What to do. Begin your copy at the line holding "Inches 2 Panel" and end it at the last line of the listing. Keep every line exact and leave out the pictures.

★ ★ ★ ★ ★ ★ ★

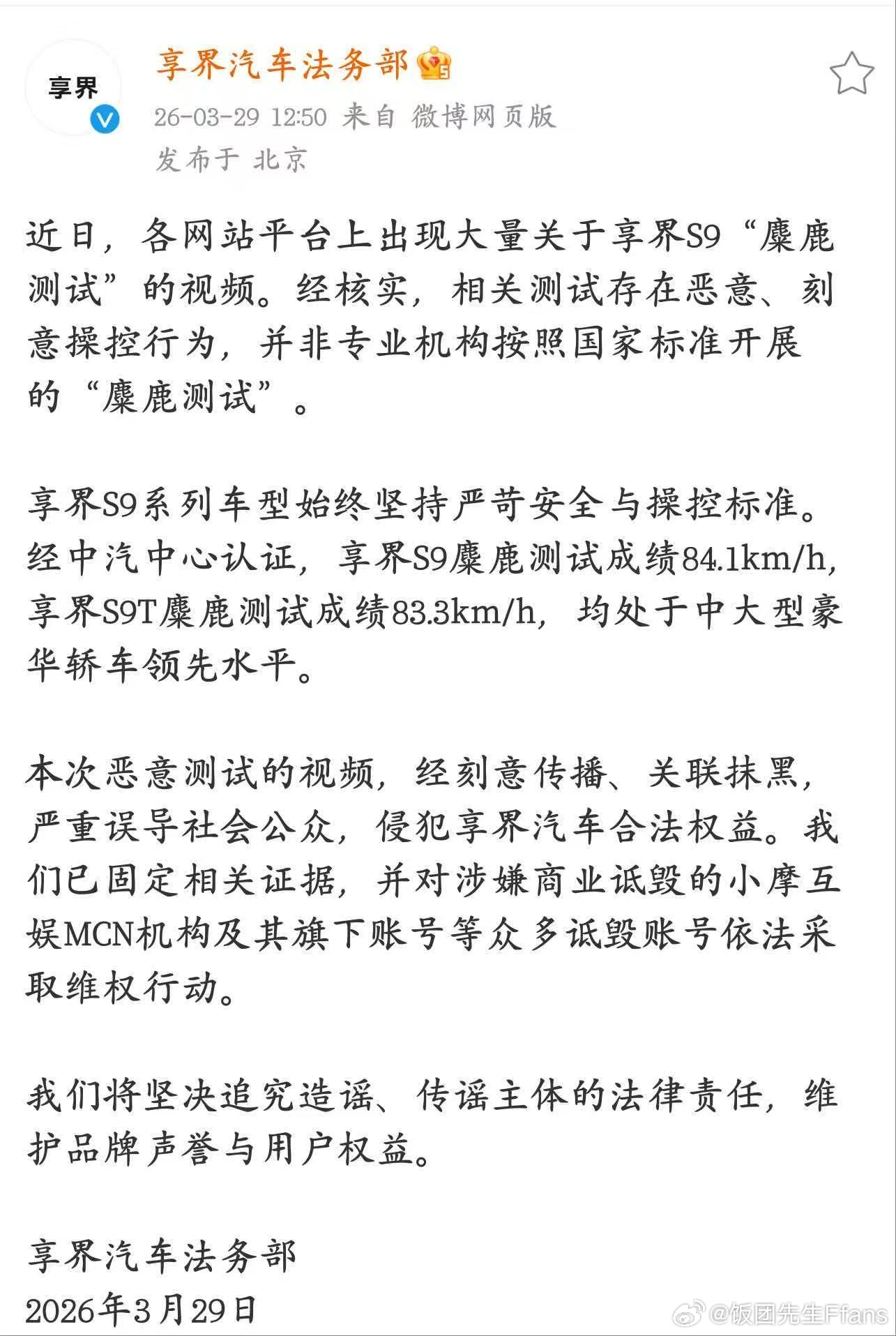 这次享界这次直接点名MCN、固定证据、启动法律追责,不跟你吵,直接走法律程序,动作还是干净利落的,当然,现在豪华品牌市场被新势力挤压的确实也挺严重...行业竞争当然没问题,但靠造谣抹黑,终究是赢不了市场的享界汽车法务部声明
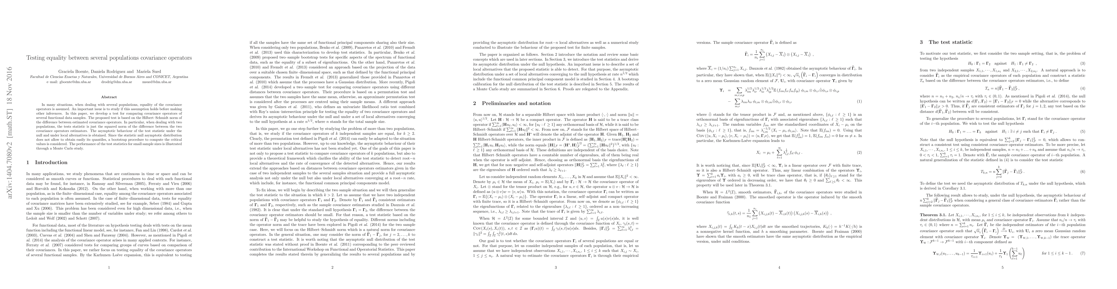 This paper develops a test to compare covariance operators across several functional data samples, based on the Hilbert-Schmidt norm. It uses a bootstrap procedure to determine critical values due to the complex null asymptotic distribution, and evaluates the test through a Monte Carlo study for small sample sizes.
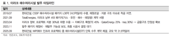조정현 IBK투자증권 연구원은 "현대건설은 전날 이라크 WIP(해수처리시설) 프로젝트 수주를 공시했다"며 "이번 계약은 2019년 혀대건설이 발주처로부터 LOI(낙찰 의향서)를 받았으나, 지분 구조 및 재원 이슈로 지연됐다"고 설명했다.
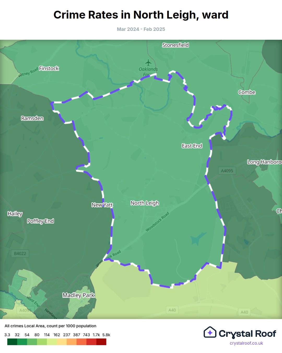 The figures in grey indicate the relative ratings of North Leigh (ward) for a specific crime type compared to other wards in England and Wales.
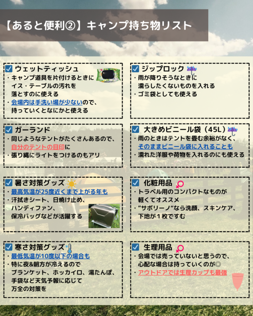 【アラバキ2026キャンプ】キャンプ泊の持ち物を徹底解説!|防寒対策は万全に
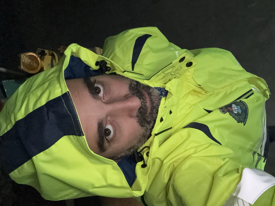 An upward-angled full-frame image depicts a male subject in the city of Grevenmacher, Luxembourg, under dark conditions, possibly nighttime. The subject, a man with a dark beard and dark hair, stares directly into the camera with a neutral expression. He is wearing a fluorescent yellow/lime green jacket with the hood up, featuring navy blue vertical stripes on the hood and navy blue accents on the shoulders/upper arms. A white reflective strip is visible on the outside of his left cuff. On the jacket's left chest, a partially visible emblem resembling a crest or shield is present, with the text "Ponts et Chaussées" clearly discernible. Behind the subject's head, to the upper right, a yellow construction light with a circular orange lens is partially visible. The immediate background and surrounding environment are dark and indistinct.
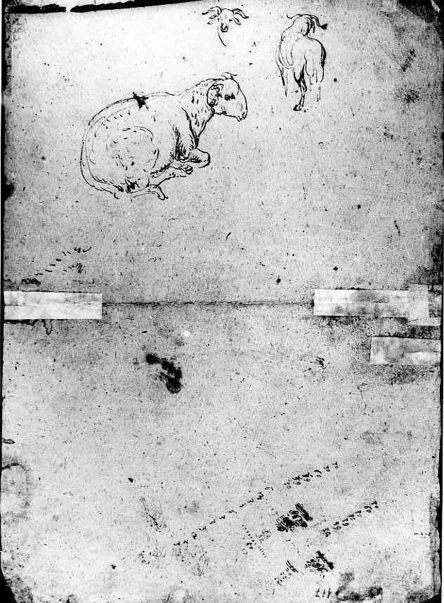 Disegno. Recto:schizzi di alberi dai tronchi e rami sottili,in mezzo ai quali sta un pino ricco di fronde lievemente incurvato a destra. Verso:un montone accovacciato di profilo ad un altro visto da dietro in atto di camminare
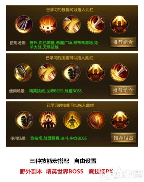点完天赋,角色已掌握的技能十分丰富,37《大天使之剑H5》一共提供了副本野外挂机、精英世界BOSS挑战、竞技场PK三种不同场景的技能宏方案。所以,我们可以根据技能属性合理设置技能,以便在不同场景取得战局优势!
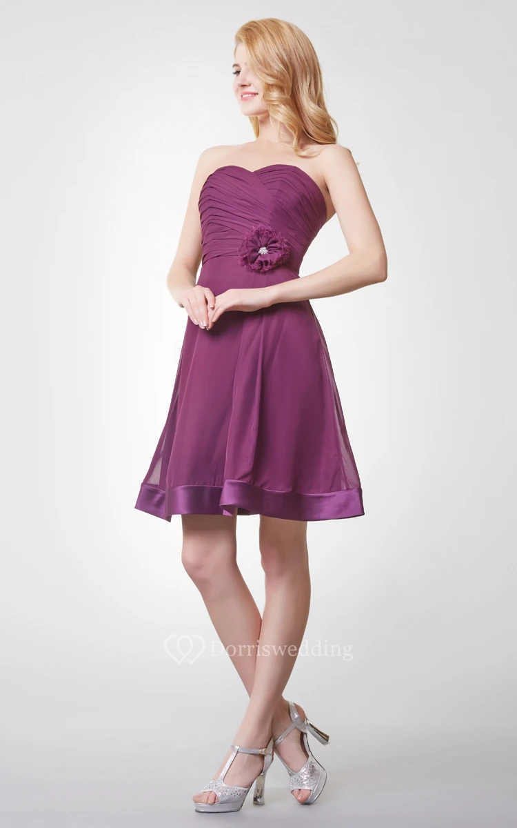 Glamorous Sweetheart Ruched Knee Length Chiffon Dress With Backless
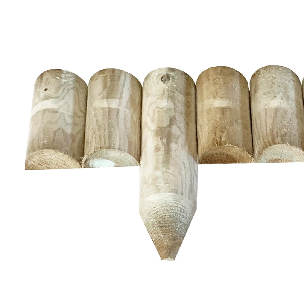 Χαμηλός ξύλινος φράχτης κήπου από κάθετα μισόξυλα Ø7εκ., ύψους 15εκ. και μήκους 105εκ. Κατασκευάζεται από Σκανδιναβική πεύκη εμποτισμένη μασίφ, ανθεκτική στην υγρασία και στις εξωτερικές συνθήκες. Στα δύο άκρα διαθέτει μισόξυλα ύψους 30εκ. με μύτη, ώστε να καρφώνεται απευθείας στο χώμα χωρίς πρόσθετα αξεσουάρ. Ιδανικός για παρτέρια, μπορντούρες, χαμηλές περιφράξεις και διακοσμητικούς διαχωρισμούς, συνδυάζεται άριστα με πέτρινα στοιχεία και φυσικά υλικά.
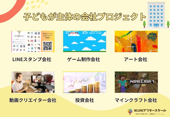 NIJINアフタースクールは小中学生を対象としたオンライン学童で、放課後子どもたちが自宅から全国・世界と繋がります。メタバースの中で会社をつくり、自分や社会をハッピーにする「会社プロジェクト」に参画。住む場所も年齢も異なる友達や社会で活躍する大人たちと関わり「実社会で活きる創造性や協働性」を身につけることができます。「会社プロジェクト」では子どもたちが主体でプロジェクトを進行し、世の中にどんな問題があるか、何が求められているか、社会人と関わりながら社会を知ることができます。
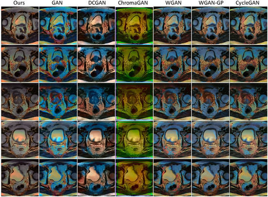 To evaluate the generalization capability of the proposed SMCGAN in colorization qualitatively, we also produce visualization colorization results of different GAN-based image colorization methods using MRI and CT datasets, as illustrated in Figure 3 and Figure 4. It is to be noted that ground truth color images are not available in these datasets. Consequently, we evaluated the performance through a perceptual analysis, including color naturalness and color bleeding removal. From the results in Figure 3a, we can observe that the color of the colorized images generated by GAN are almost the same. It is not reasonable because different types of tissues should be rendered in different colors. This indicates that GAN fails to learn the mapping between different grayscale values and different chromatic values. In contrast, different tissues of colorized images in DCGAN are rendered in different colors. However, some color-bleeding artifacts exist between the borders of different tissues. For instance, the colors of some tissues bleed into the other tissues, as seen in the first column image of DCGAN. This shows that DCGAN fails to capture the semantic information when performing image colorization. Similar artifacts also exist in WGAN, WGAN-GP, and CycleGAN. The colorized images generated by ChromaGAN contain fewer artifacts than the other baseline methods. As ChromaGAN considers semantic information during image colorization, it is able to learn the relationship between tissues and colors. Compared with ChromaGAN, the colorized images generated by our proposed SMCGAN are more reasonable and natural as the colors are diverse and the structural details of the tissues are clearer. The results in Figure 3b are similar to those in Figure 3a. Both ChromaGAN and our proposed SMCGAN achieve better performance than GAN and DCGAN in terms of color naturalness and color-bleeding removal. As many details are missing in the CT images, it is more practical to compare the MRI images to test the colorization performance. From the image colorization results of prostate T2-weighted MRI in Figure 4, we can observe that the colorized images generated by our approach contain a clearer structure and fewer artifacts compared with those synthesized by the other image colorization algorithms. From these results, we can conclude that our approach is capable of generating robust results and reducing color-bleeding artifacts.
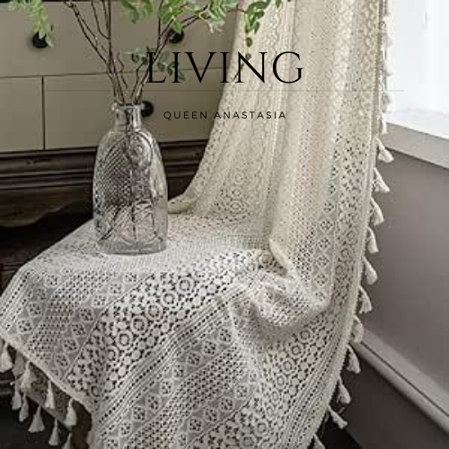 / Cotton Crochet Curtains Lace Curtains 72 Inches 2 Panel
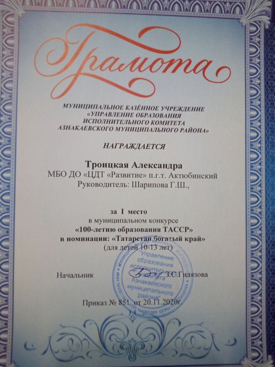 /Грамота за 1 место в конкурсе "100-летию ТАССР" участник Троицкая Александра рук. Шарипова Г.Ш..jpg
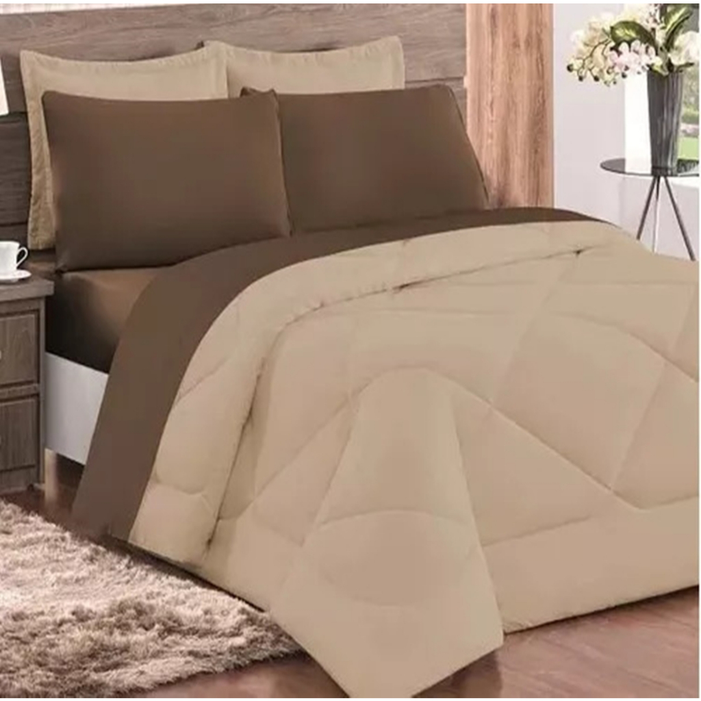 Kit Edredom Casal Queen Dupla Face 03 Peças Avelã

★ ★ ★ ★ ★ ★ ★

Written answer.
 / Cotton Crochet Curtains Lace Curtains 72 Inches 2 Panel
 /Грамота за 1 место в конкурсе "100-летию ТАССР" участник Троицкая Александра рук. Шарипова Г.Ш..jpg
 Kit Edredom Casal Queen Dupla Face 03 Peças Avelã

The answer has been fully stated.